Many in the industry, on the other hand, are calling the moves the unwelcome rattle of an outsider, and compare AT&T to other companies far from the U.S. entertainment world who entered in recent decades with disruptive goals — they include Japan’s Matsushita, which bought MCA; Vivendi, which bought Universal; and America Online, which bought Time Warner. None of those acquisitions worked out, they noted, and the companies soon uncoupled.
Indeed, in February 2020, I broke down telecommunications firms on-again, off-again love interest in media, which has created an odd couple, asking whether AT&T will sell WarnerMedia.
Audiences, however, don’t care about any of this. When the likes of MTV and VH1 stood on the sidelines as YouTube went from pariah to belle of the ball, audiences didn’t revolt, they simply found something else due to the vacuum Viacom created by suing, instead of partnering with Youtube. Like other new media producers, we noticed that vacuum, and filled it. Fast forward fifteen years, that pyramid has flattened and given way to a world where those with content and those with audiences are merging into one ecosystem that has gone direct to consumer. Warner Media, in essence, is trying to catch up for fifteen years of not recognizing that; the decision by Warner was sudden and swift.

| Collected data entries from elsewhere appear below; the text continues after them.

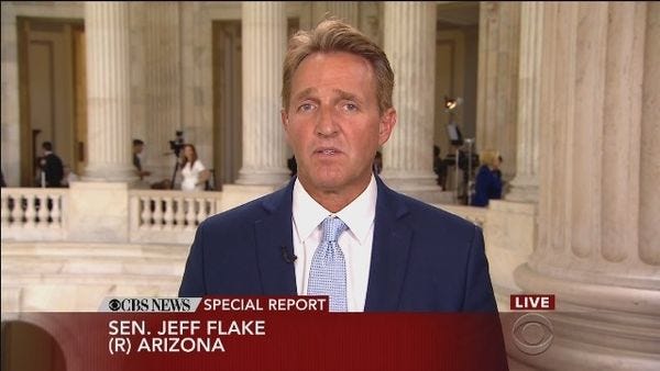 Arizona Republican Senator Jeff Flake is up for reelection next year, and he may be facing a primary on the right for the crime of not loving Donald Trump enough, because what part of "Arizona Republican" don't you understand? Donald Trump has been angry at Jeff Flake since forever, because Flake refused to endorse him during the campaign, and even called on other Republicans to oppose him, which proves that Jeff Flake Hates America. Some pretty bad blood there, according to Politico, which notes:
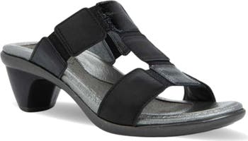 An anatomic cork footbed supports every step you take in a stylish sandal designed with elasticized insets at the straps and walkable block heel.
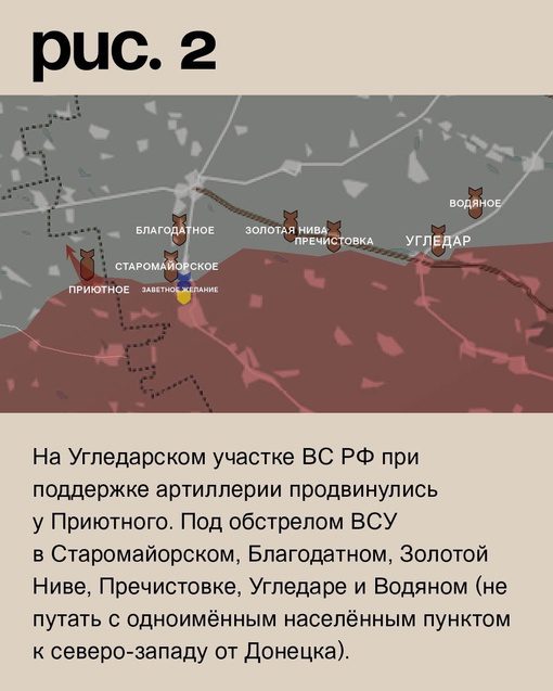 На Угледарском участке силы РФ с поддержкой артиллерии продвигаются у Приютного. ВСУ подвергаются обстрелам в Старомайорском, Благодатном, Золотой Ниве, Пречистовке, Угледаре и Водяном (не путать с одноименным населенным пунктом к северо-западу от Донецка).
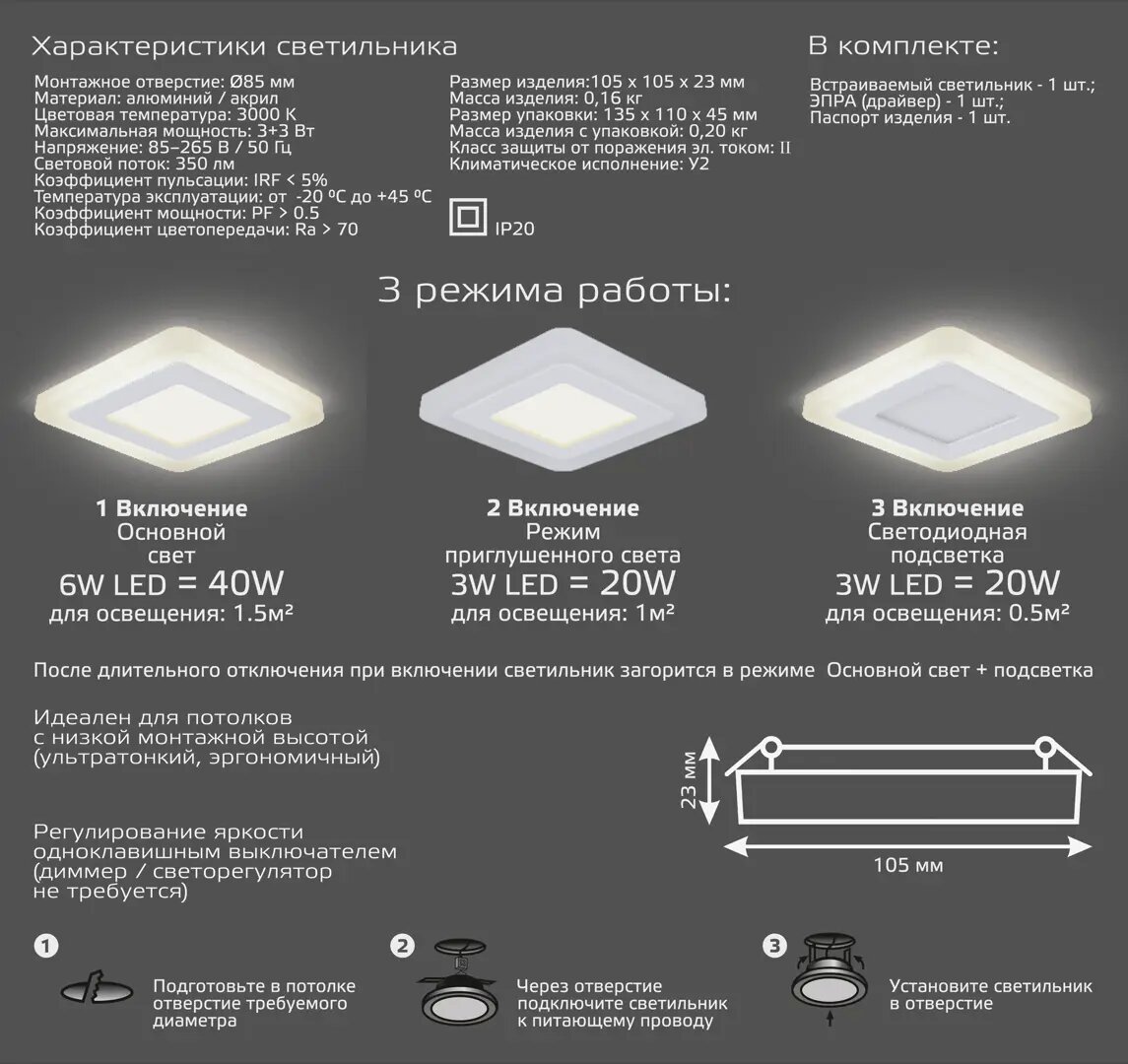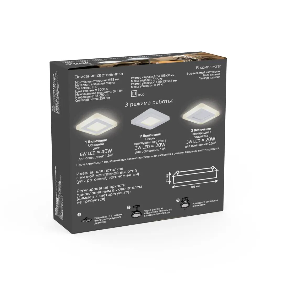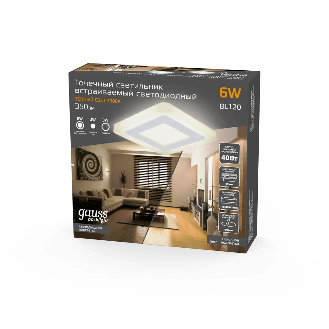 Светильник встраиваемый Gauss Backlight BL120 квадратный 3 и 3 Вт свет тёплый белый интересное:

While media has always been some combination of art and science – whatever said science, i.e. technology allowing for a given distribution at a given time – indeed the streamers care more about data and attention (namely: watch time). The content, to them, is a means to an end. If you would have told me of all of the shows on streaming platforms right now, I’d be drawn to The Crown, I would have thought you were crazy. But here I am, watching an episode a night.

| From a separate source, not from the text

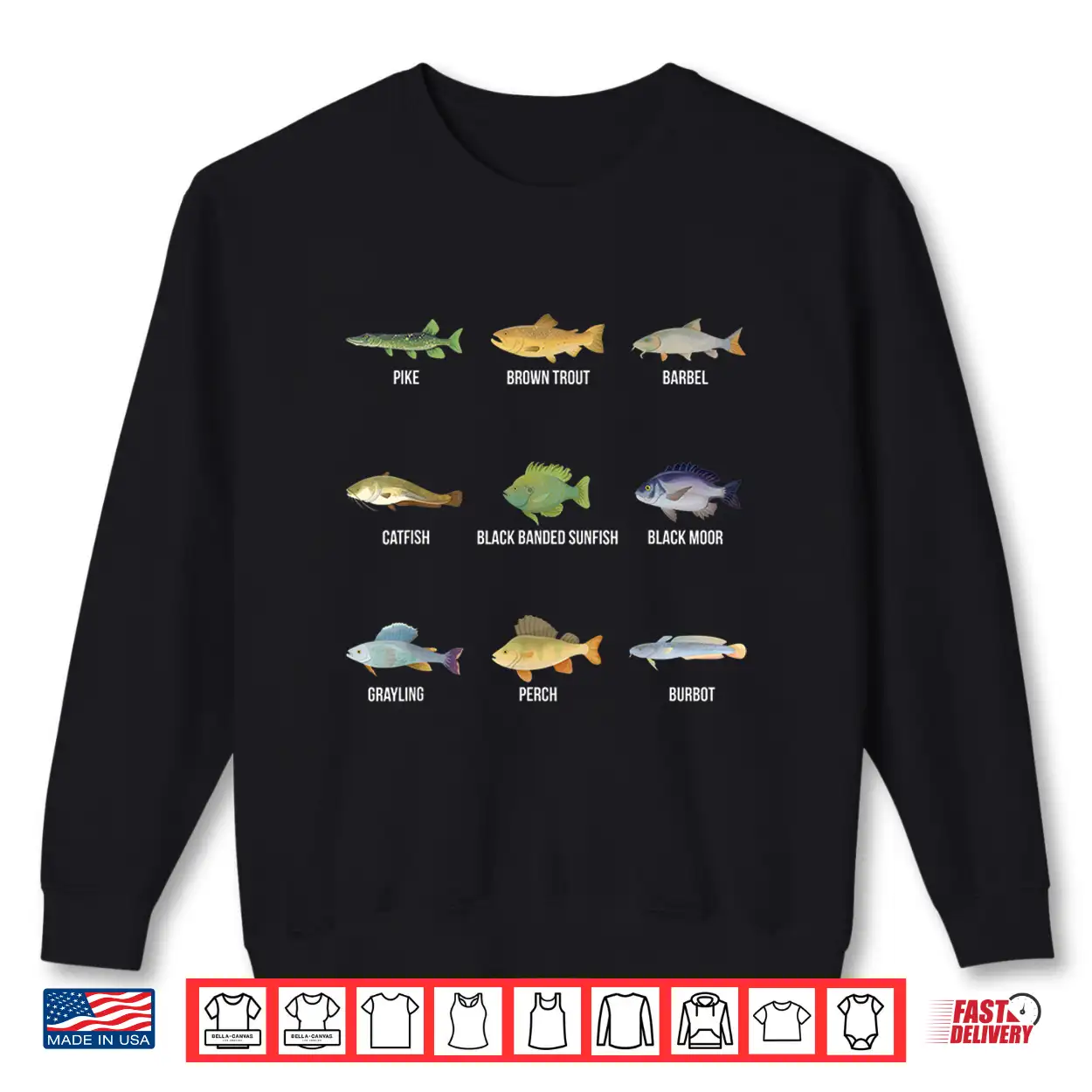 Types Of Freshwater Fish Species Funny Fishing Gifts Shirt

Sure, maybe there are a few names of the highest end of that pyramid that they may handle a bit more delicately, but by and large, the tidal waves are so strong and so fast, that like gravity, you may not need to know how it works, but do need to understand it exists to survive.
When I say YouTube is revolutionary while Netflix is merely evolutionary, it is for many reasons, but partly in how YouTube redefined not just what we considered to be quality content, but also who is a star or talent. Today, YouTubers and influencers command greater popularity than many traditional talent… and I think that may be an indication of what will happen when traditional directors, showrunners and writers want to resist the forces of technology and globalization which have been unleashed and intensified. No this doesn’t mean that a new director can replicate Villeneuve’s art, but on day 1, we didn’t necessarily replace MTV or VH1, either. But over time, to our audience, MTV/VH1 did not exist. We were MTV.
And many no mistake about it, the old world – the one based on the “waterfall”, i.e.
“the industry’s term not just for the billion global dollars that a Hollywood blockbuster can produce but for revenue that flows from the full complement of DVD, digital, rental and merchandising that finances much of their own payouts”
is inherently at odds with globalization. The Internet didn’t just shrink markets by attacking the inefficient layers and layers of waste that all industries add over the years, it also removes man-made barriers and obstacles which were added to create more economic gain for the middlemen (i.e. why malls make you go around before taking the next escalator up), some of which over time they passed back to creators, agents, publicists, managers and so on. I understand anything that endangers one’s earning power is not welcome, but all industries undergo cycles.
I once read that Hollywood thought of itself as the center of earth, while Silicon Valley viewed itself as the center of the universe. Yes, Hollywood is indeed a very different place, but these changes had already started, and we’ve seen how this script ends.